Hu Bert
2019-Jan-24 07:17 UTC
[Gluster-users] gluster 5.3: transport endpoint gets disconnected - Assertion failed: GF_MEM_TRAILER_MAGIC
Good morning, we currently transfer some data to a new glusterfs volume; to check the throughput of the new volume/setup while the transfer is running i decided to create some files on one of the gluster servers with dd in loop: while true; do dd if=/dev/urandom of=/shared/private/1G.file bs=1M count=1024; rm /shared/private/1G.file; done /shared/private is the mount point of the glusterfs volume. The dd should run for about an hour.

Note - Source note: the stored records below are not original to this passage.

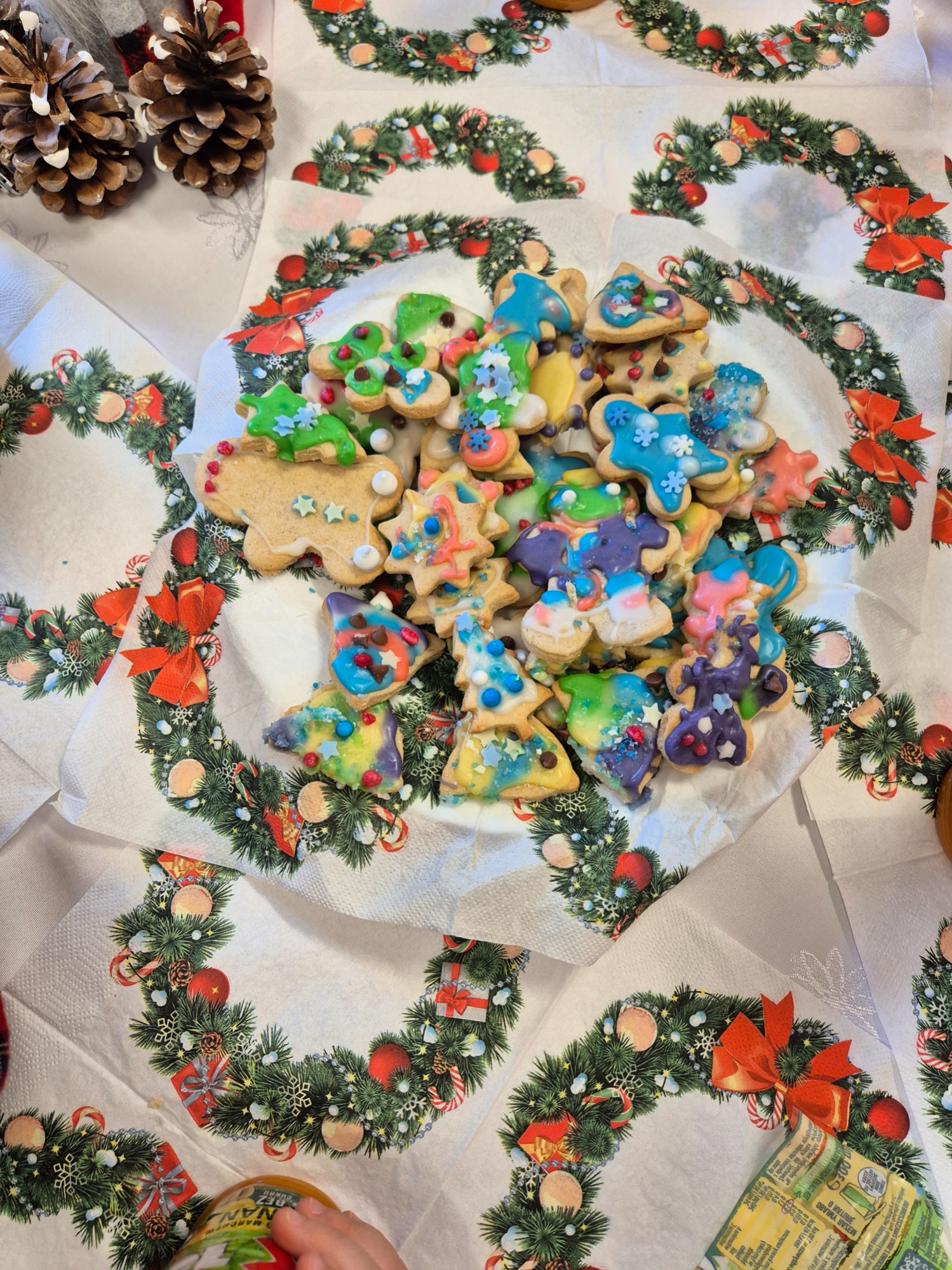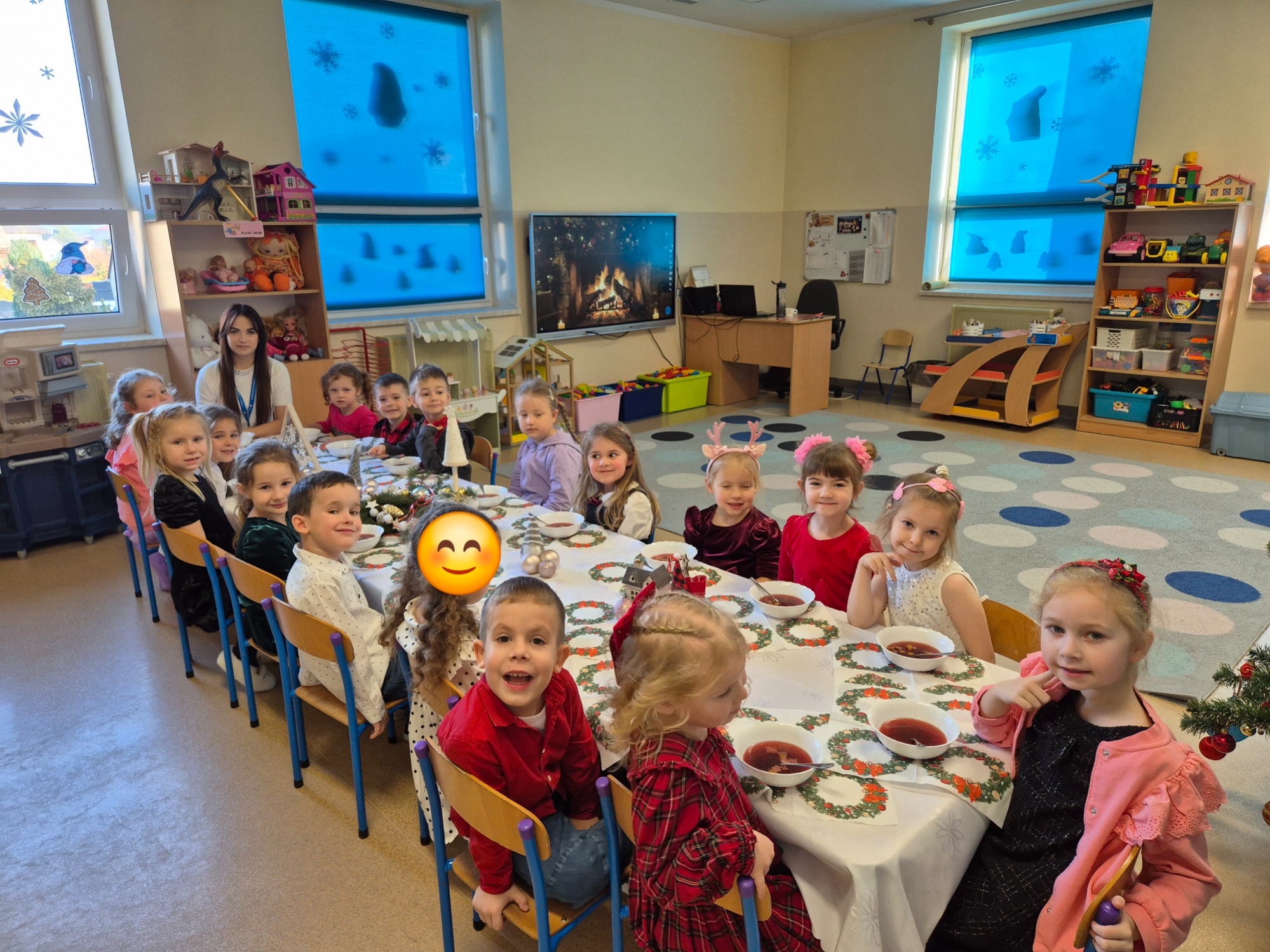 W świątecznej atmosferze, pełnej radości i ciepła, w grupie Sówki odbył się wyjątkowy obiad świąteczny 🎄. Dzieci wspólnie zasiadły do stołu, celebrując ten magiczny czas pełen życzliwości i świątecznych smaków. Dzieci po obiedzie zjadły własnoręcznie ozdobione ciasteczka.
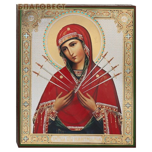 Икона Пресвятой Богородицы «Семистрельная» издревле считалась одной из самых чудотворных на Руси. Богородице «Семистрельной» всегда отводилось особое место в иконостасе. Божья Матерь изображена на образе одна, без Богомладенца, а Ее грудь пронзает семь мечей, что символизирует муки и печаль Богородицы в земной жизни. Именно икона Богородицы «Семистрельная» способна защитить дом и семью от врагов и недоброжелателей.
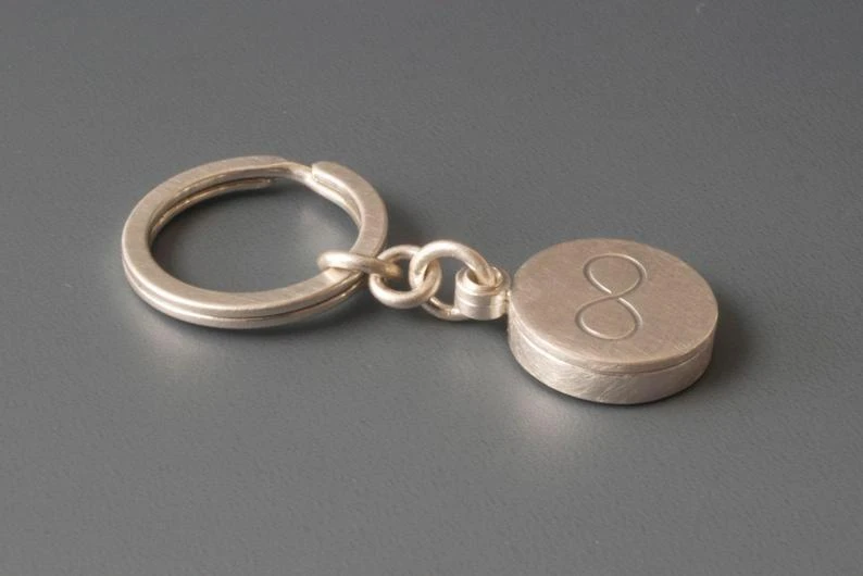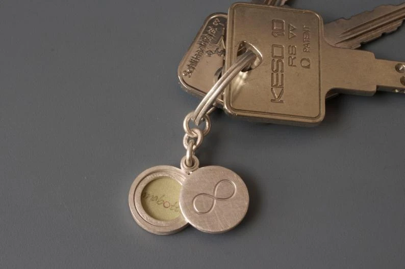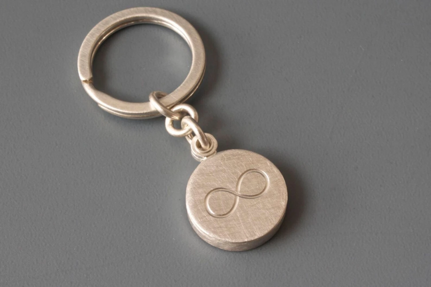 Ein silbernes Medaillon als Schlüsselanhänger.
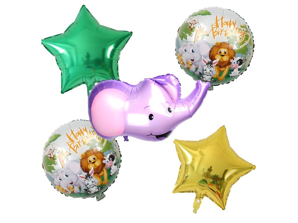 Sada narozeninových balónků Slon Zvířata na narozeniny a oslavy 5 ks
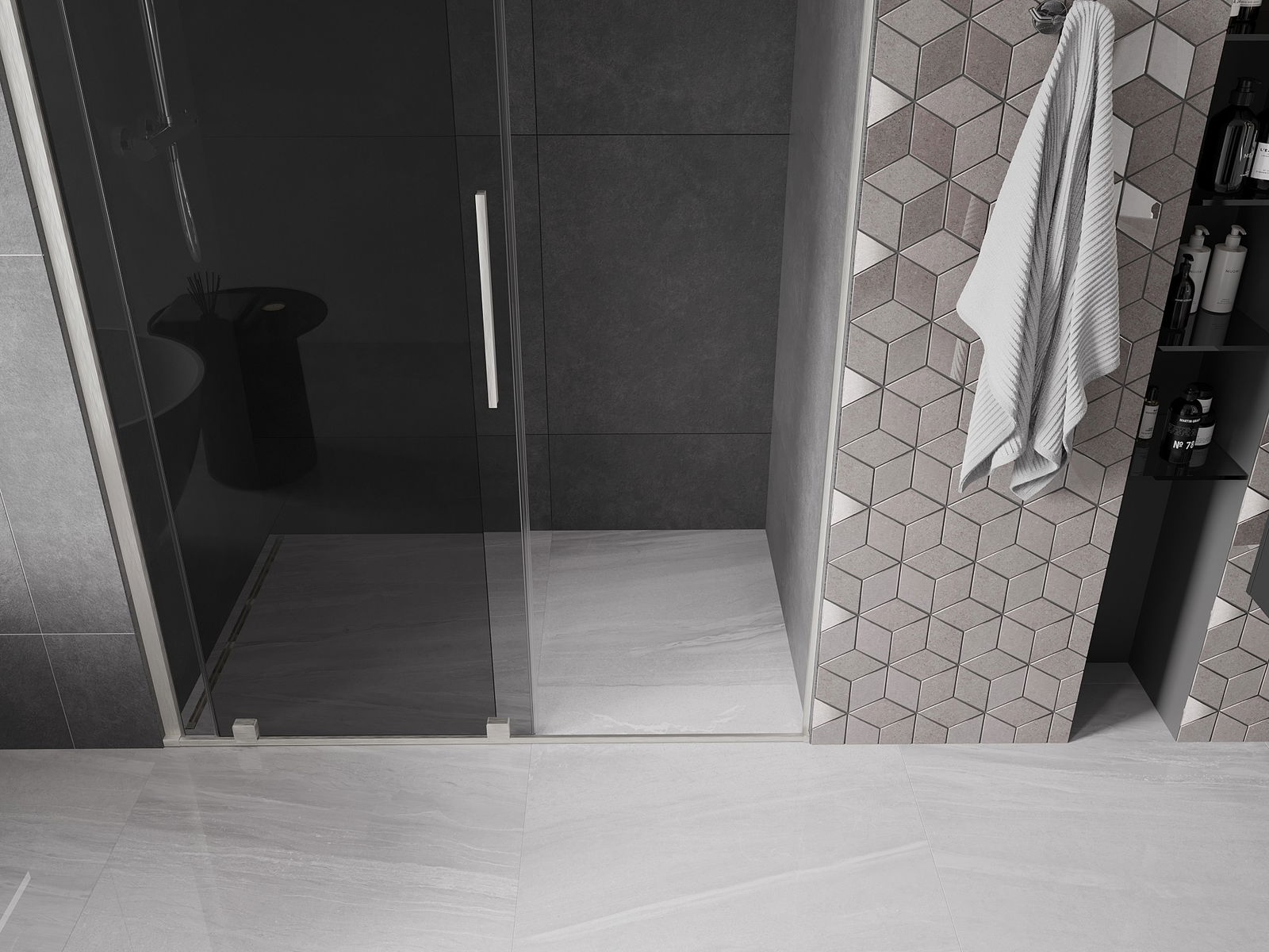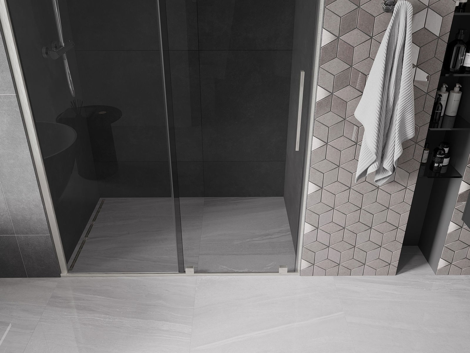 Практичната и удобна дръжка е изработена от неръждаема стомана. Модерната форма в комбинация с покритие, съчетано с цвета на профилите, придава на цялото съвременен и стилен вид, подчертавайки естетиката на всяка баня.
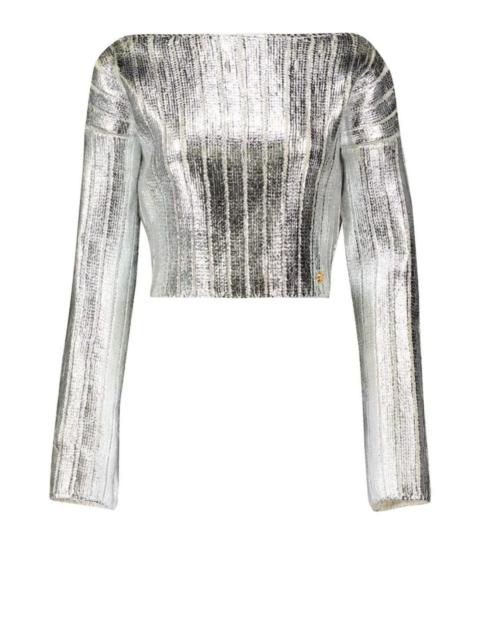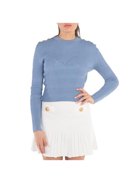 Balmain Women "Balmain Paris" Cropped Roundneck Sweater

But now it happened twice that during this loop the transport endpoint gets disconnected: dd: failed to open '/shared/private/1G.file': Transport endpoint is not connected rm: cannot remove '/shared/private/1G.file': Transport endpoint is not connected In the /var/log/glusterfs/shared-private.log i see: [2019-01-24 07:03:28.938745] W [MSGID: 108001] [afr-transaction.c:1062:afr_handle_quorum] 0-persistent-replicate-0: 7212652e-c437-426c-a0a9-a47f5972fffe: Failing WRITE as quorum i s not met [Transport endpoint is not connected] [2019-01-24 07:03:28.939280] E [mem-pool.c:331:__gf_free] (-->/usr/lib/x86_64-linux-gnu/glusterfs/5.3/xlator/cluster/replicate.so(+0x5be8c) [0x7eff84248e8c] -->/usr/lib/x86_64-lin ux-gnu/glusterfs/5.3/xlator/cluster/replicate.so(+0x5be18) [0x7eff84248e18] -->/usr/lib/x86_64-linux-gnu/libglusterfs.so.0(__gf_free+0xf6) [0x7eff8a9485a6] ) 0-: Assertion failed: GF_MEM_TRAILER_MAGIC == *(uint32_t *)((char *)free_ptr + header->size) [----snip----] The whole output can be found here: https://pastebin.com/qTMmFxx0 gluster volume info here: https://pastebin.com/ENTWZ7j3 After umount + mount the transport endpoint is connected again - until the next disconnect. A /core file gets generated. Maybe someone wants to have a look at this file?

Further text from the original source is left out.